Maravilla can be completed in around 2 hours if you’re not aiming to see and do everything, and 3 hours if you are trying to do everything. There isn’t any in-game need to replay the story, as there isn’t a New Game + of any type nor any objective scoring or quality measurement for the photos you take. You can store up to 10 photos for each creature and plant, and choose your favourite to show as the main picture for each in the journal, but this is purely for your own enjoyment. (While this omission was surprising when compared to other snapshooter games, it does make sense in-universe: in theory, no-one but Marina and her grandfather know that these creatures exist). This means that your view on the game will depend strongly on how well you can switch off the “gamer brain” that chases high-scores and efficient objective completion.
During my first playthrough, I was invested in exploring the world, and so really enjoyed it. However, after completing the game I immediately played through the game again in one go solely to unlock the two achievements that failed to register the first time. Apparently this is a known glitch, which can be resolved by revisiting each chapter using Chapter Select for some people, but can only resolved by starting a new save file for others. During my second playthrough, the “gamer brain” was activated, and the “slow down and observe the world” brain was not. As a result I enjoyed the second playthrough less, and I became frustrated with the little issues that had previously not bothered me. That’s on me, however, for rushing straight back in for the achievements!
Overall, I put Beasts of Maravilla Island in the Cool tier. My playthroughs were relaxing and enjoyable, and the occasional bugs didn’t spoil my experience. While it wasn’t one of my favourite games, it offered up an intriguing world filled with interesting creatures to photograph.
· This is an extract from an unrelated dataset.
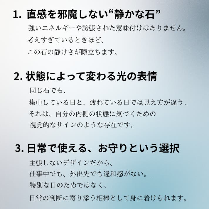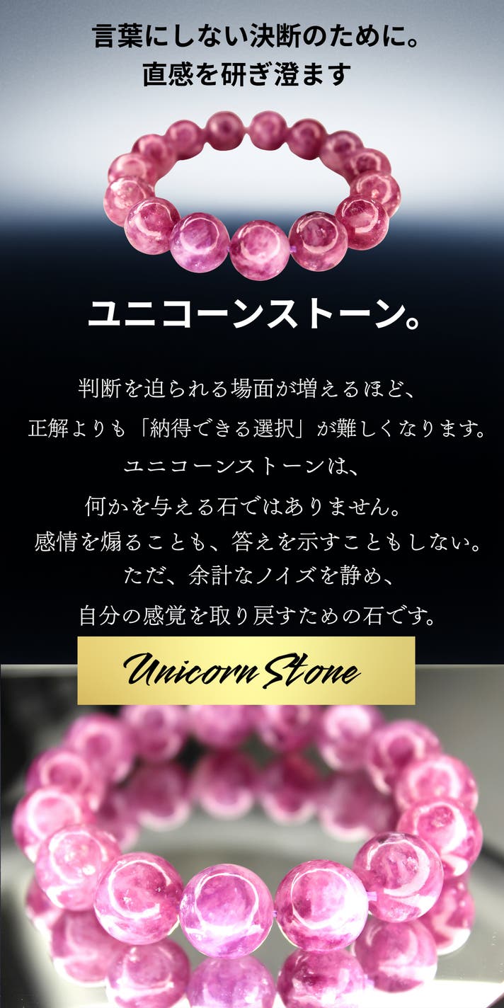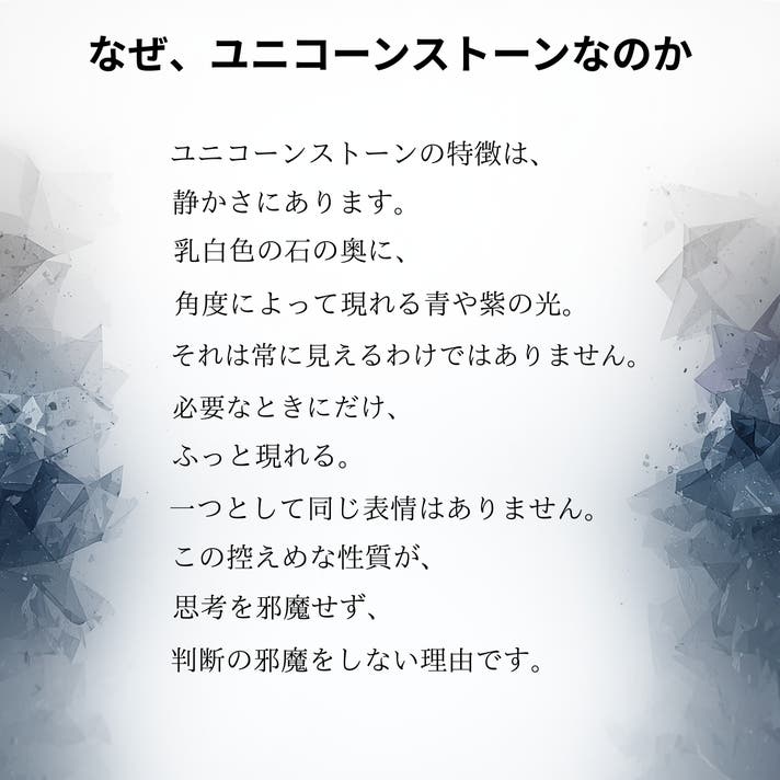 今回、紹介するのは「ユニコーンストーン」です。はっきりとした答えを与える石ではありません。けれど、心が揺れたとき、迷いが重なったときに、余計な感情を一つずつ静め、本来の自分に立ち返るための時間を与えてくれる存在だと感じています。派手な輝きや、強い主張はありません。だからこそ、日常の中で自然に身につけられ、気づけばそばにある、そんな石です。このユニコーンストーンが、選択に迷う瞬間や、立ち止まりたくなる日に、あなたの心にそっと寄り添うきっかけとなれば幸いです。

At its regular price of just £8.39, Maravilla‘s slight lack of polish is easily forgiven, especially given that it’s the first game from this studio. The range of people that I can recommended this game to is also surprisingly high, because it doesn’t do many things obviously wrong. Beasts of Maravilla Island is a small-scale, small-stakes, “cozy” game, meaning it is likely to appeal to fans of similar peaceful indie games. As its a buy-once game, with no seasons, passes, or in-game-purchases to worry about, its also safe for younger gamers or anyone who needs to be extra-careful around impulse-spending. Finally, as it features no violence or death, and it focuses on enjoying and respecting nature, it may appeal to people who wouldn’t normally consider themselves to be “gamers”, or to families who would like to explore games together.